(Stored items from a collection)
• • • • •

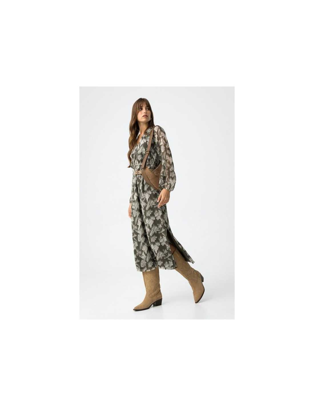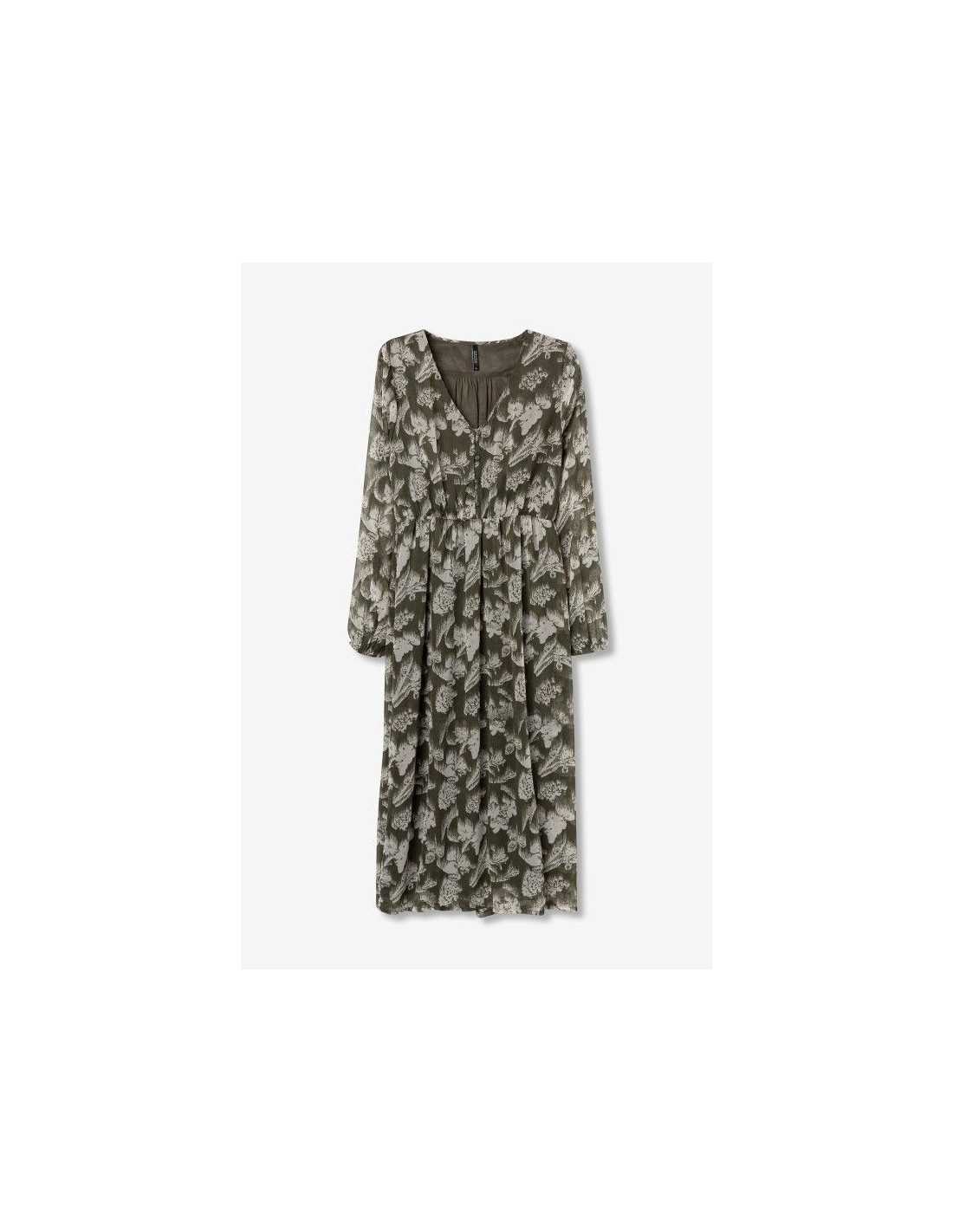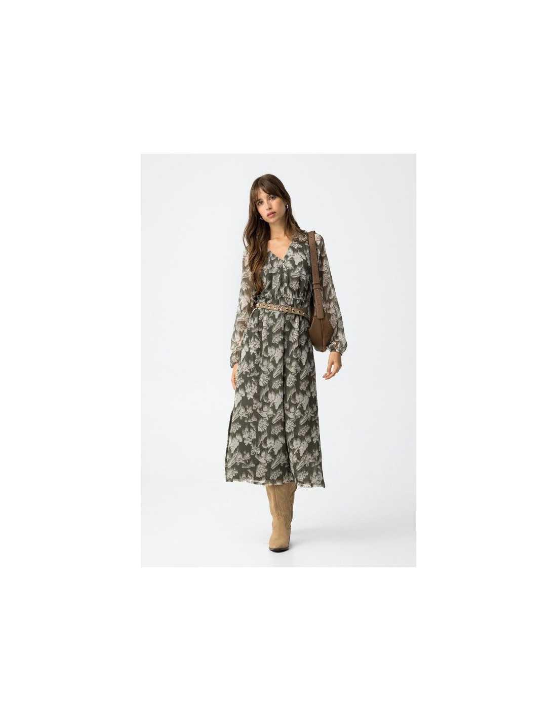 Vestido midi regular fit, semitransparente, con estampado all over y cintura elástica. Escote en V, cierre frontal con botones y manga larga. Interior con forro.
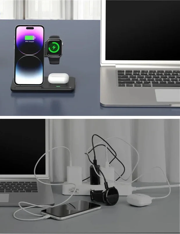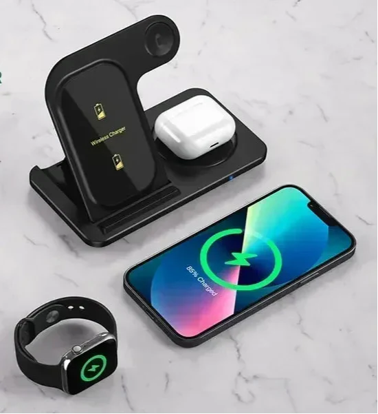 Carregador Sem Fio 3 em 1 Dobrável – iPhone, Apple Watch e AirPods | Samsung
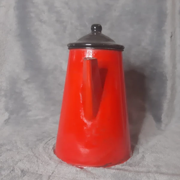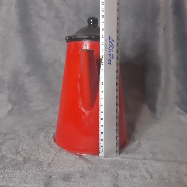 Jarra en peltre rojo vintage ideal para decoración, antigua alrededor de 1970, capacidad1 lt
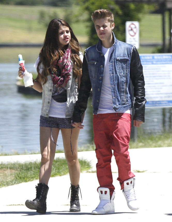 Selena Gomez y su novio Justin Bieber visitan Bronco Burrito para el almuerzo con un amigo antes de ir a Lake Balboa para disfrutar de un paseo alrededor del lago, mientras comen un helado en Van Nuys, California el 30 de junio de 2012.
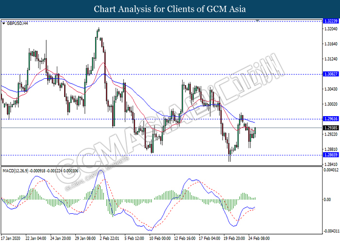 Euro telah melanjutkan keuntungannya dari paras rendah semenjak semalam susulan dengan pemulihan sentimen pasaran terhadap perniagaan di Jerman. Menurut kepada Ifo, Indeks Keadaan Bisnes di Jerman bagi bulan Februari telah meningkat ke 96.1, lebih tinggi daripada ramalan iaitu 95.3. Namun, dari empat sektor yang telah dikaji, hanya sektor pembuatan menerima peningkatan pada indeksnya sementara tiga yang lain seperti perkhidmatan, perdagangan dan pembangunan telah mengalami penyusutan. Tambahan pula, para penganalisis menegaskan bahawa data tersebut telah di kumpul sebelum koronavirus merebak di Itali. Virus tersebut telah menjangkiti 220 individual dan ia telah memaksa pihak kerajaan Itali untuk menutup beberapa bandar yang dipercayai permulaan wabak tersebut. Justeru, virus tersebut bakal memberi risiko kepada ekonomi Itali dan ia berkemungkinan besar untuk memberi impak kepada Jerman memandangkan kesemua negara di zon EU bergantung kepada satu sama lain. Semasa penulisan, pasangan EUR/USD meningkat sebanyak 0.08% ke 1.0861.
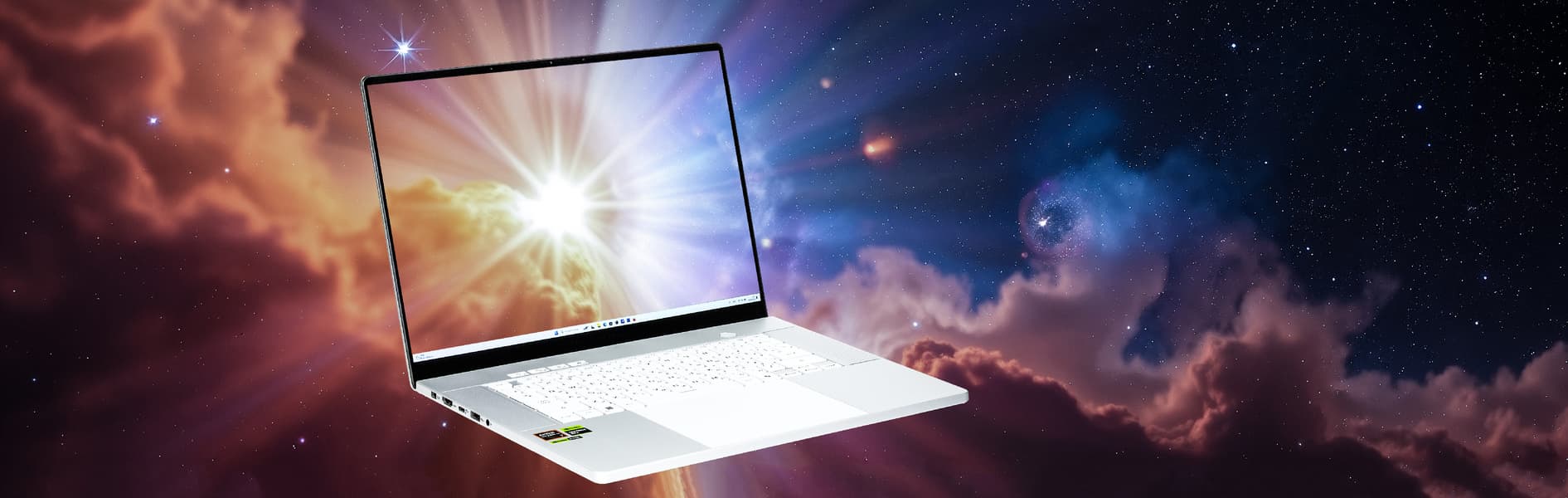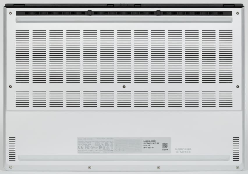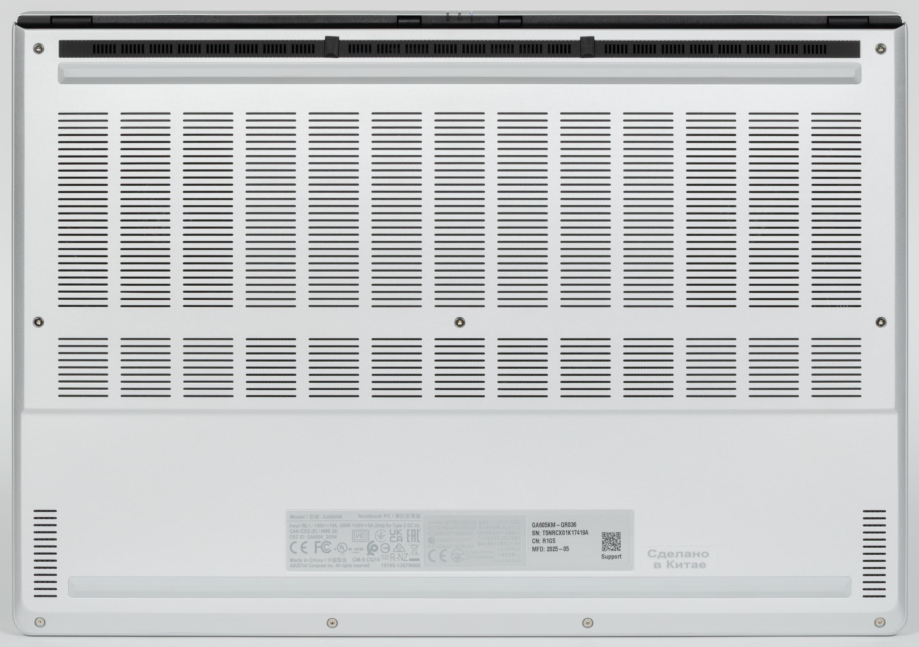 Новинка с отличным дизайном в светлых тонах привлекательна еще и тем, что заключена в цельнометаллический корпус и экипирована экраном OLED 2.5K с соотношением сторон 16:10, который поддерживает 10-битный вывод изображения и обладает сертификацией VESA Display HDR True Black 500. Начинка отражает точку зрения производителя на то, чего достаточно для креативной деятельности и игр: AMD Ryzen AI 7 350, Nvidia GeForce RTX 5060 Laptop, 32 ГБ оперативной памяти, не подлежащей замене и апгрейду, всего один высокоскоростной порт USB 4. Зато второй Type-С (как и USB 4) поддерживает вывод видео и питание внешних устройств, поэтому с учетом наличия отдельного HDMI к ноутбуку можно подключить до трех внешних мониторов одновременно. Имеется картовод для SD. Клавиатура неплохая, но лишена цифрового блока. Нет встроенного адаптера локальной сети. Веб-камера в рамке экрана обладает разрешением 1080p и лишена механической шторки. Автономность машины существенно выше того, чего можно ожидать от настоящих игровых ноутбуков — почти 11 часов работы от батареи при наборе текста и без малого 9 часов при просмотре видео. В тестах реальных приложений мы подтвердили способность устройства справиться даже со сложными и ресурсоемкими приложениями, в том числе для работы с медиаконтентом. Нативное разрешение экрана (2.5K) дает возможность играть в современные динамичные игры.
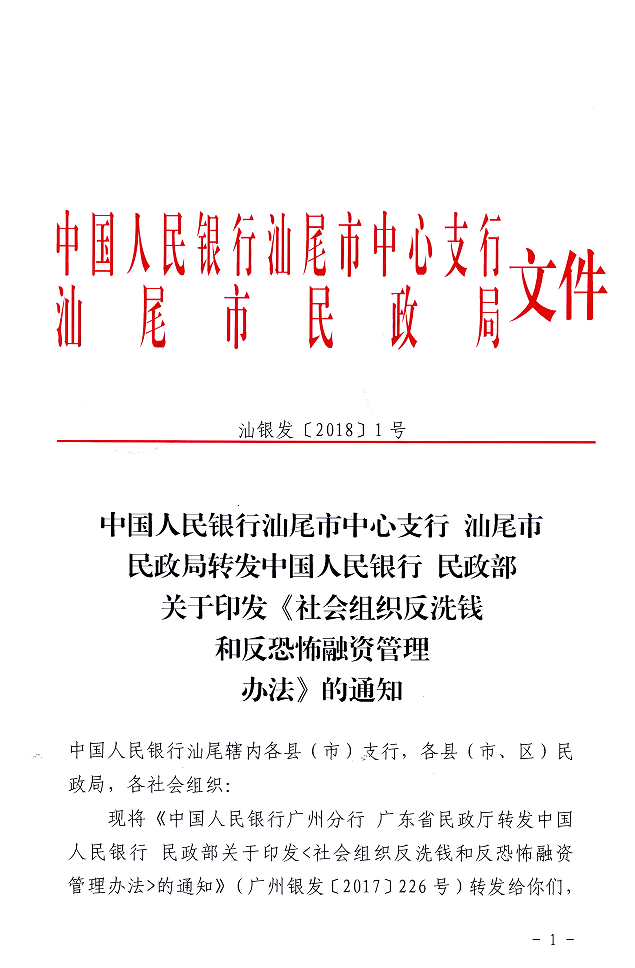 关于印发《社会组织反洗钱和发恐怖融资管理办法》的通知
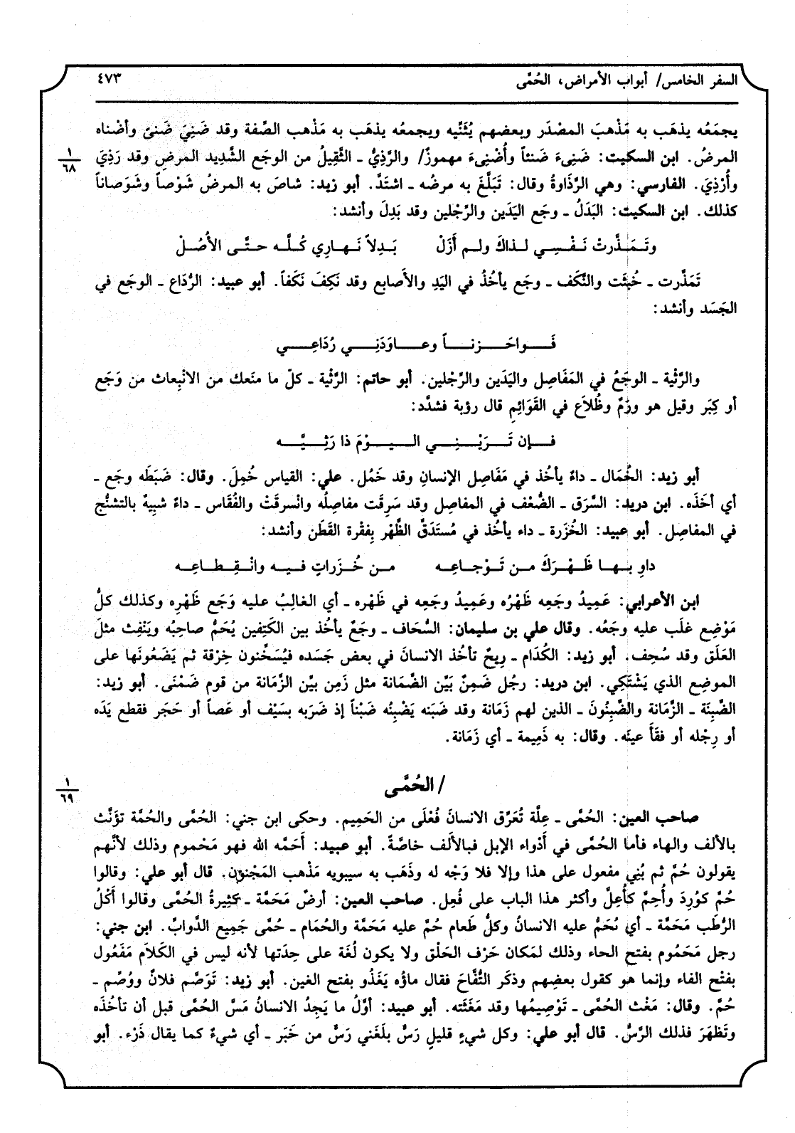 يجمَعُه يذهَب بِهِ مَذْهب المصْدَر وَبَعْضهمْ يُثَنِّيه ويجمعُه يذهَب بِهِ مَذْهب الصِّفة وَقد ضَني ضَنيً وأضْناه المرضُ، ابْن السّكيت، ضَنيءَ ضَنَأ وأُضْنيءَ مهموزٌ والرَّذيُّ - الثَّقيلُ من الوجَع الشَّديد والمرِض وَقد رَذِيَ وأُرْذيَ، الْفَارِسِي، وَهِي الرَّذَاوةُ وَقَالَ تَبَلَّغَ بِهِ مرضُه - إشتَدَّ، أَبُو زيد، شاصَ بِهِ المرضُ شَوْصاً وشَوَصاناً كَذَلِك، ابْن السّكيت، البَدَلُ - وجَع اليَدَين والرِّجْلين وَقد بَدِلَ وأنشدَّكعِ - الشَّديد الجَزَع، غَيره، شَكِع شَكَعاً فَهُوَ شَكِع وشَكِيع وشكُوع - كَثُر أَنِينُه من المَرَض وشَطِع شَطَعاً وشَتِع شَتَعاً كَذَلِك، ابْن السّكيت، أصَاب المَريضَ زَعَل شَديد - يَعْنُون العَلَز وَقد زَعِل زَعَلاً، صَاحب الْعين، التَّعَارُّ - التقَلُّب على الفِراش مَعَ سَهَر وكلامٍ أُخِذ من عِرّار الظَّليم ورجُل مَعْرُور وَقيل هُوَ المَقْرُور، ابْن السّكيت، النَّصِب - الَّذِي أوْجَعَه المَرَضُ فأسْهرَه وجَزِع مِنْهُ وَقد نَصِب نَصَباً وَقد أنَصْبَه الدَّاء، أَبُو زيد، نَصَبه وأنْصَبه وَلَا يَعْرِف سِيبَوَيْهٍ نَصَبه وَإِنَّمَا يَحْمِل هَمّاً ناصباً على النَّسَب والنُّصْب والنَّصْب والنُّصُبُ - الداءُ، ابْن السّكيت، والمُسْلَهِمُّ - الَّذِي ذَبَل ويَبِس إِمَّا من مَرَض وَإِمَّا من هَمٍ لَا ينامُ على الفِراش يَجيء ويَذْهب وَفِي جَوْفه مَرَض قد يَبَّسه وغَيَّر لونَه، صَاحب الْعين، المَذيل - المَريض الَّذِي لَا يتقارُّ وَهُوَ فِي ذاكَ ضَعِيف وَالْجمع مَذْلى وَقد مَذِل مَذَلاً ومَذُل مَذَالةً، قَالَ أَبُو عَليّ، هُوَ من قَوْلهم رجُل مِذْل - وَهُوَ الخَفيُّ الشَّخْص القَليلُ الجسمِ وَيُقَال مِذْل، صَاحب الْعين، خالَطَه الداءُ خِلاطاً - خامَرَه، أَبُو زيد، ذَمَى يَذْمي ذَمَاء - طالَ مرضُه، ابْن السّكيت، المُشْفي - الَّذِي جَهَده المرضُ وأشْرَف على المَوْت وَمَا بَقي مِنْهُ إِلَّا شَفَى، وَقَالَ، شَفَّه المرضُ يَشُفُّه - هزَله وأيْبَسه والمُقصَد - الَّذِي يَمْرَض أيَّاماً ثمَّ يَموتُ والضَّني - الَّذِي طَال مرضُه وثَبَت، أَبُو زيد، هُوَ الضَّنَي فبعضُهم لَا يُثَنِّيه وَلَا يجمَعُه يذهَب بِهِ مَذْهب المصْدَر وَبَعْضهمْ يُثَنِّيه ويجمعُه يذهَب بِهِ مَذْهب الصِّفة وَقد ضَني ضَنيً وأضْناه المرضُ، ابْن السّكيت، ضَنيءَ ضَنَأ وأُضْنيءَ مهموزٌ والرَّذيُّ - الثَّقيلُ من الوجَع الشَّديد والمرِض وَقد رَذِيَ وأُرْذيَ، الْفَارِسِي، وَهِي الرَّذَاوةُ وَقَالَ تَبَلَّغَ بِهِ مرضُه - إشتَدَّ، أَبُو زيد، شاصَ بِهِ المرضُ شَوْصاً وشَوَصاناً كَذَلِك، ابْن السّكيت، البَدَلُ - وجَع اليَدَين والرِّجْلين وَقد بَدِلَ وَأنْشد وتَمذَّرتْ نَفْسي لذاك وَلم أَزَلْ بَدلاً نَهاري كُلَّه حتَّى الأُصُلْ تَمَذَّرت - خُبثَت والنّكف - وجَع يأخُذُ فِي اليَدِ والأصَابع وَقد نَكِفَ نَكَفاً، أَبُو عبيد، الرُّدَاع - الوجَع فِي الجَسَد وَأنْشد فَوا حَزناً وعاوَدَني رُدَاعي والرَّثْية - الوجَعُ فِي المفَاصِل واليَدَين والرَجْلين، أَبُو حَاتِم، الرَّثْية - كلّ مَا منَعك من الإنْبِعاث من وَجَع أوِ كِبَر وَقيل هُوَ ورَمٌ وظُلاع فِي القَوائِمِ قَالَ رؤبة فشدَّد فَإِن تَرَيْني اليوْمَ ذارَثِيَّه أَبُو زيد، الخُمَال - داءٌ يأخُذ فِي مفَاصِل الْإِنْسَان وَقد خَمُل، عَليّ، الْقيَاس خُمِلَ، قَالَ، ضَبَطَه وجَع - أَي أخَذَه، ابْن دُرَيْد، السَّرَق - الضُّعْف فِي المفاصِل وَقد سَرِقَت مفاصِلُه وإنْسرقَتْ والفُقَاس - داءٌ شبِيهٌ بالتشنُّج فِي المفاصِل، أَبُو عبيد، الخُزَرة - دَاء يأخُذ فِي مُسَتَدقِ الظَّهْر بِفقْرة القَطَن وَأنْشد داوِ بهَا ظَهْركَ من تَوْجاعِه من خُزَراتٍ فِيهِ وانْقِطاعِه ابْن الْأَعرَابِي، عَميدُ وجَعِه ظَهْرُه وعَميدُ وجَعِه فِي ظَهْره - أَي الغالِبُ عَلَيْهِ وَجَع ظَهْره وَكَذَلِكَ كلُّ مَوْضِع غلَب ع

• • • • •

» **Work instructions**
Nothing but the lines from the first line of the records above to the line with "Selena Gomez y", inclusive, should be transcribed exactly, and the pictures must be left out.

» **Written answer**
 Vestido midi regular fit, semitransparente, con estampado all over y cintura elástica. Escote en V, cierre frontal con botones y manga larga. Interior con forro.
 Carregador Sem Fio 3 em 1 Dobrável – iPhone, Apple Watch e AirPods | Samsung
 Jarra en peltre rojo vintage ideal para decoración, antigua alrededor de 1970, capacidad1 lt
 Selena Gomez y su novio Justin Bieber visitan Bronco Burrito para el almuerzo con un amigo antes de ir a Lake Balboa para disfrutar de un paseo alrededor del lago, mientras comen un helado en Van Nuys, California el 30 de junio de 2012.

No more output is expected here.